As a thank you for the wood, I roughed out a bowl and set it to dry. Once it was dry enough, I decided to try stabilizing it in my new chamber. It got late in the day and I lost track of which pieces I had "cooked" in the oven. It became apparent to me that I forgot to "cook" this bowl when I had it on the kitchen table with a few other bowls for my wife to check out. When I picked it up, the resin from the bowl melted the finish on our kitchen table. Oops.

A few weeks later, I was going to get some more shop time in including cooking this bowl. I got the oven set and went to grab the bowl. Where was it? I thought about and realized I had put it on top of the car when I had to go to the store for something. I retraced my drive and found the bowl about a mile from home laying in the middle of the road. No cracks!

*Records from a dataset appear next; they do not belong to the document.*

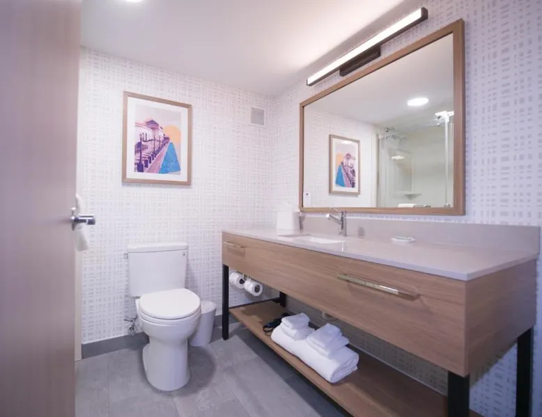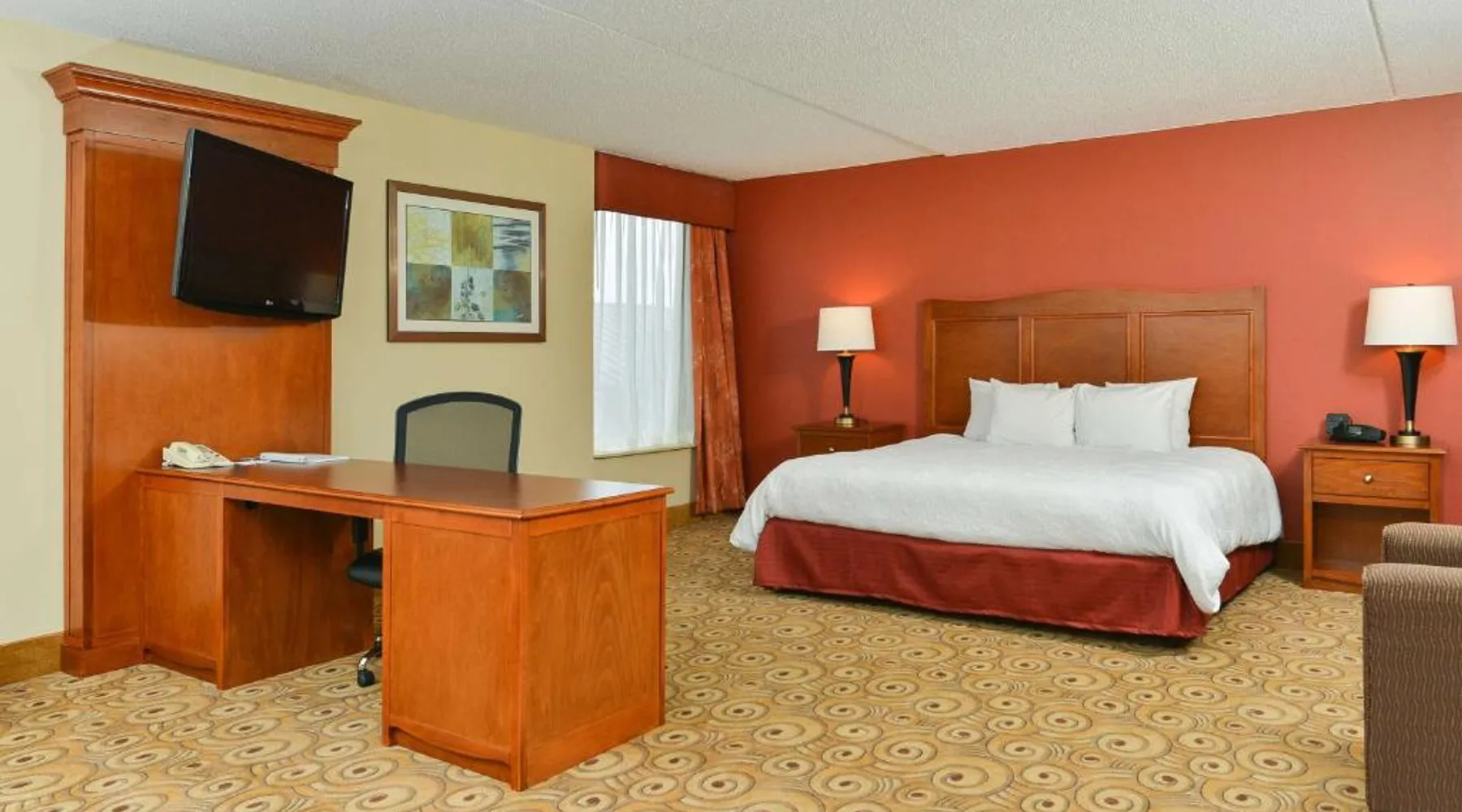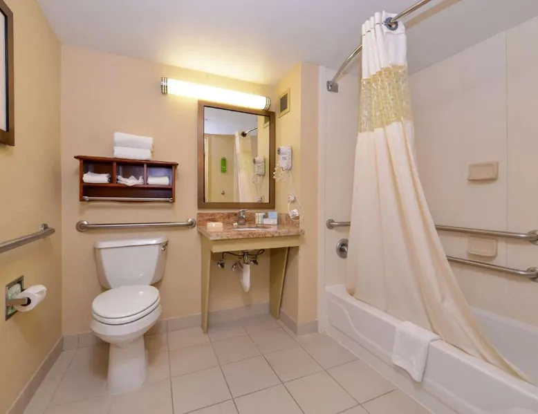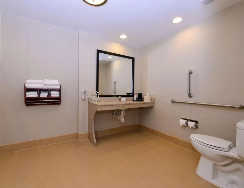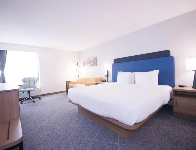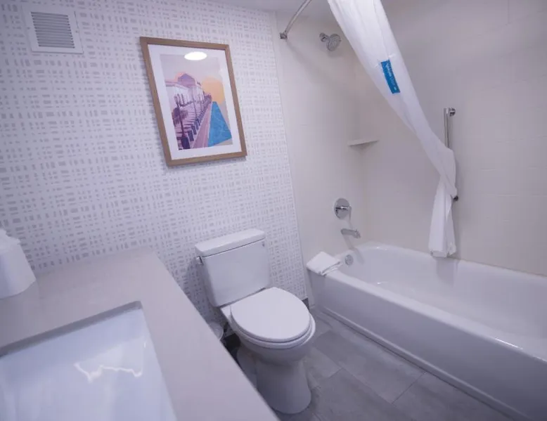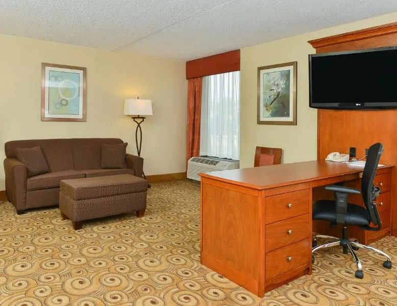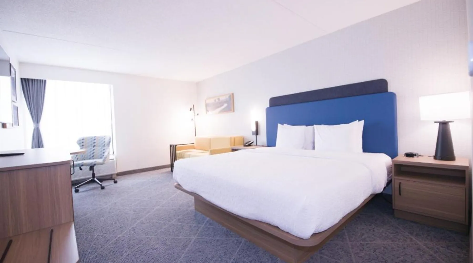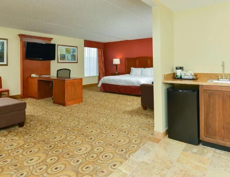 Comfortable Accommodations: Rooms feature air-conditioning, tea and coffee makers, hairdryers, refrigerators, microwaves, showers, TVs, and wardrobes. Additional amenities include sofa beds, walk-in showers, and seating areas. Leisure Facilities: Guests can enjoy an indoor swimming pool, fitness center, and sun terrace. The property also offers a fitness room, elevator, 24-hour front desk, minimarket, daily housekeeping service, business area, and outdoor seating area. Dining Experience: A complimentary American buffet breakfast is served, including juice, fresh pastries, cheese, and fruits. Location and Attractions: Located in Carol Stream, the hotel is 15 mi from Chicago O'Hare International Airport. Nearby attractions include United Center (26 mi), Lincoln Park Zoo (27 mi), and Willis Tower (29 mi). Guests appreciate the attentive staff, excellent breakfast, and clean rooms. This room features a flat-screen internet-ready TV, fridge, and individual climate-control system.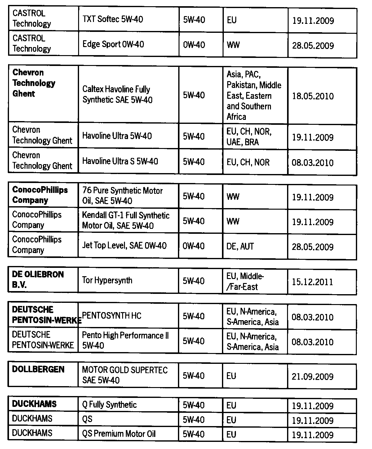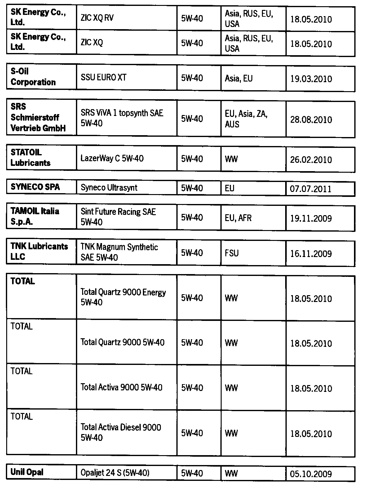 Overview of Approved Porsche A40 Engine Oils (37/08)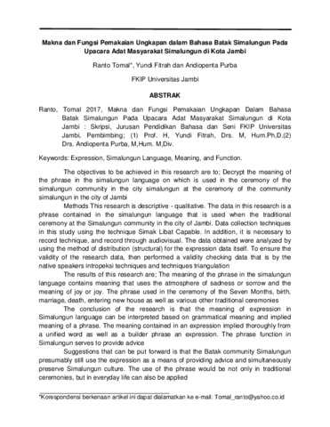 ABSTRAK Ranto, Tomal 2017, Makna dan Fungsi Pemakaian Ungkapan Dalam Bahasa Batak Simalungun Pada Upacara Adat Masyarakat Simalungun di Kota Jambi : Skripsi, Jurusan Pendidikan Bahasa dan Seni FKIP Universitas Jambi, Pembimbing; (1) Prof. H, Yundi Fitrah, Drs. M, Hum.Ph,D.(2) Drs. Andiopenta Purba, M,Hum. M,Div. Keywords: Expression, Simalungun Language, Meaning, and Function. The objectives to be achieved in this research are to; Decrypt the meaning of the phrase in the simalungun language on which is used in the ceremony of the simalungun community in the city simalungun at the ceremony of the community simalungun in the city of Jambi Methods This research is descriptive - qualitative. The data in this research is a phrase contained in the simalungun language that is used when the traditional ceremony at the Simalungun community in the city of Jambi. Data collection techniques in this study using the technique Simak Libat Capable. In addition, it is necessary to record technique, and record through audiovisual. The data obtained were analyzed by using the method of distribution (structural) for the expression data itself. To ensure the validity of the research data, then performed a validity checking data that is by the native speakers intropeksi techniques and techniques triangulation The results of this research are; The meaning of the phrase in the simalungun language contains meaning that uses the atmosphere of sadness or sorrow and the meaning of joy or joy. The phrase used in the ceremony of the Seven Months, birth, marriage, death, entering new house as well as various other traditional ceremonies The conclusion of the research is that the meaning of expression in Simalungun language can be interpreted based on grammatical meaning and implied meaning of a phrase. The meaning contained in an expression implied thoroughly from a unified word as well as a builder phrase an expression. The phrase function in Simalungun serves to provide advice Suggestions that can be put forward is that the Batak community Simalungun presumably still use the expression as a means of providing advice and simultaneously preserve Simalungun culture. The use of the phrase would be not only in traditional ceremonies, but in everyday life can also be applied
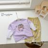 Bộ dài tay bé gái phối tay kẻ in cún friends fun phối quần kẻ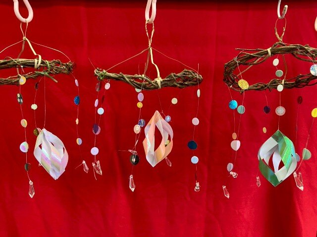 「作業はあまり簡単ではなく少し難しいけれど、作ってみて楽しい」をテーマに、参加の皆さんからイメージを膨らませてもらえるよう、スタッフの試作品を見ていただきながら作業を進めました。モビールの中心のモチーフ作りに苦戦しつつも、みなさんステキなモビールが完成しました。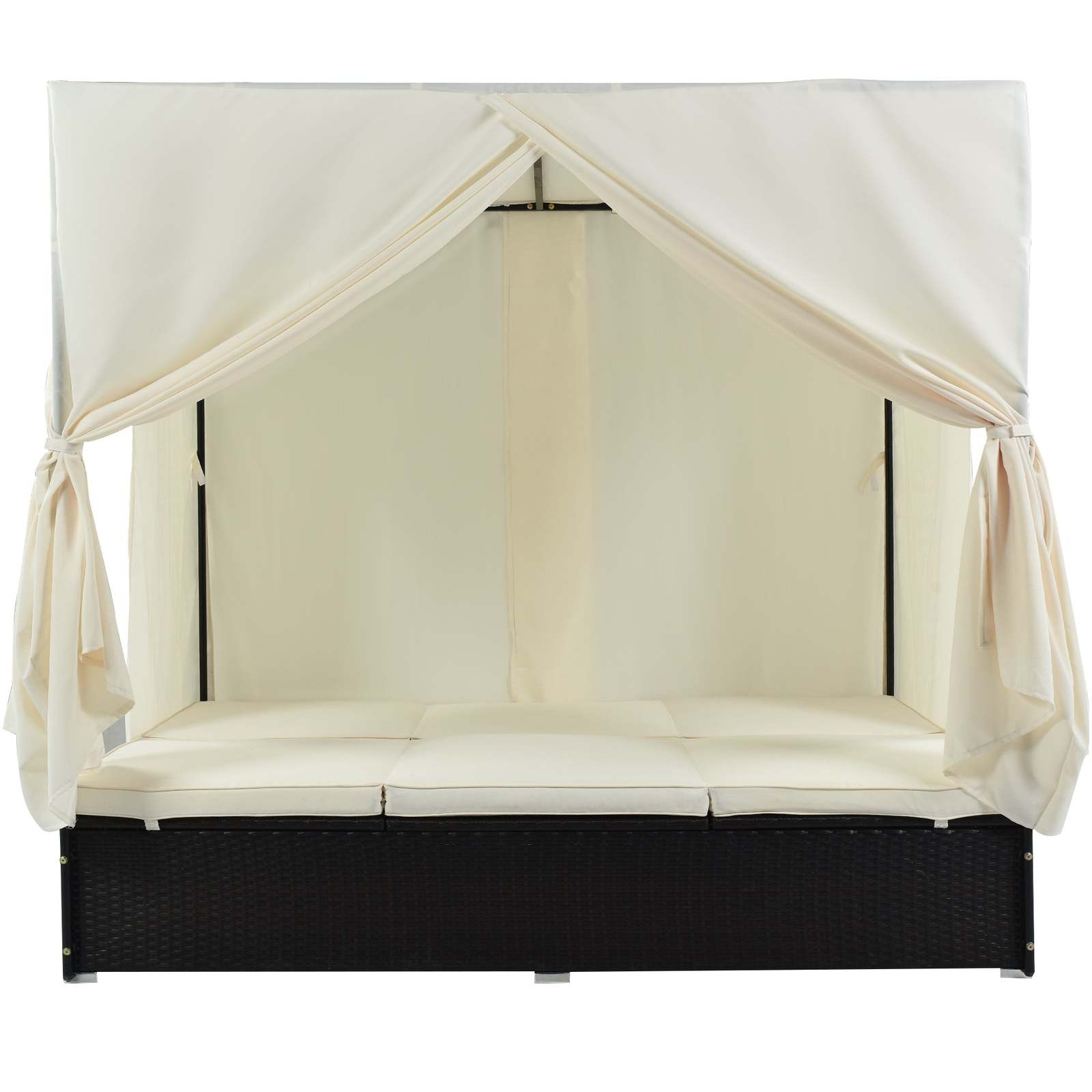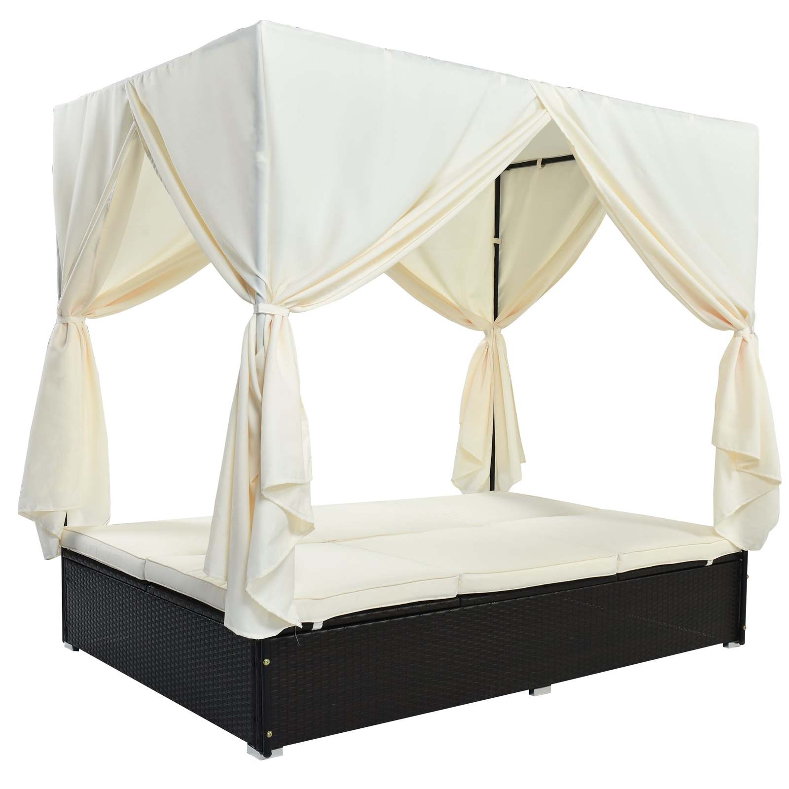 Perfect and Elegant Suit Design This stylish rattan rectangle sunbed has side and overhead curtains to provide both shade and privacy. It is suitable for 2-6 people to lie or sit. Create a new vision for your balcony, garden, backyard or poolside .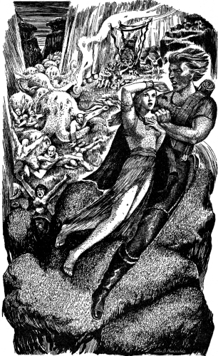 All in a few seconds, and then Atwood recovered his wits. Like an awkward plunging bird he leaped from one platform to the other, landing full upon Ah-li and the shouting Bohr. It took Bohr by surprise. Atwood's body struck him full so that he rocked, staggered a little, his grip releasing the girl as wildly he flailed his arms to ward off this huge attacking thing clinging to him. The impact against Bohr's solidity all but knocked the breath from Atwood. He found himself hanging with feet off the ground as he clung. And desperately he fought for the knife. Bohr's fingers in his confusion must have gripped it loosely; and abruptly Atwood had it, stabbed it into Bohr's face.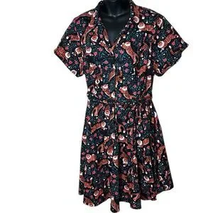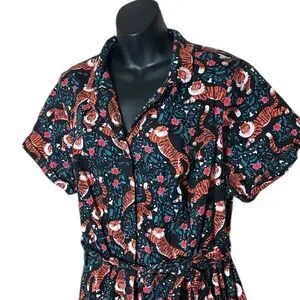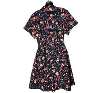 Eva rose vintage 1950s style floral tiger button up belted fit flare dress 3x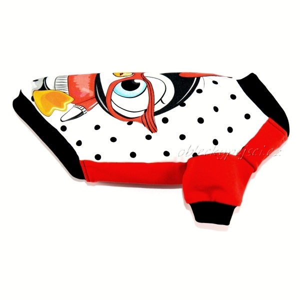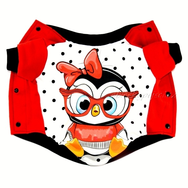 Mikina je ušitá z kvalitní, slabé, nepodčesané, elastické, červené teplákoviny s krásným, desingnovým teplákovým panelem s motivem roztomilého tučňáka s brýlemi.

I jumped out of the car and drove home to get this bowl in the oven once and for all. I wrapped it in foil and put it in the oven to cook. I got sidetracked by something or other and went to the oven to take the bowl out and it was smoking. I burned the darn thing. A design opportunity? I am not so sure. It now has some hairline cracks. Time to rough out another sycamore bowl for my dentist . I guess, I am keeping this one.

Reactions: Funny 6


----------



## manbuckwal (Sep 30, 2014)

I guess it became a big flying saucer !


----------



## bench1holio (Oct 1, 2014)

Sounds like this one wasnt meant to be!
Nice save


----------



## ironman123 (Oct 1, 2014)

Some story. Thanks.


----------



## Mike1950 (Oct 1, 2014)

Looks nice but you should have burned it- it was a "BAD" bowl...........

Reactions: Agree 1


----------



## Nature Man (Oct 1, 2014)

You just gave it more character! Chuck


----------



## Kevin (Oct 1, 2014)

That's a funny tale. I guess you could call it the bowl version of the movie the Money Pit. Always biting you in the fanny when you least except it.

Reactions: Funny 1


----------



## Mike Turner (Oct 15, 2014)

Some for one reason or another just dont work out.I run into some problems with flutes. Every piece is not destined to become a flute, bowl etc.


----------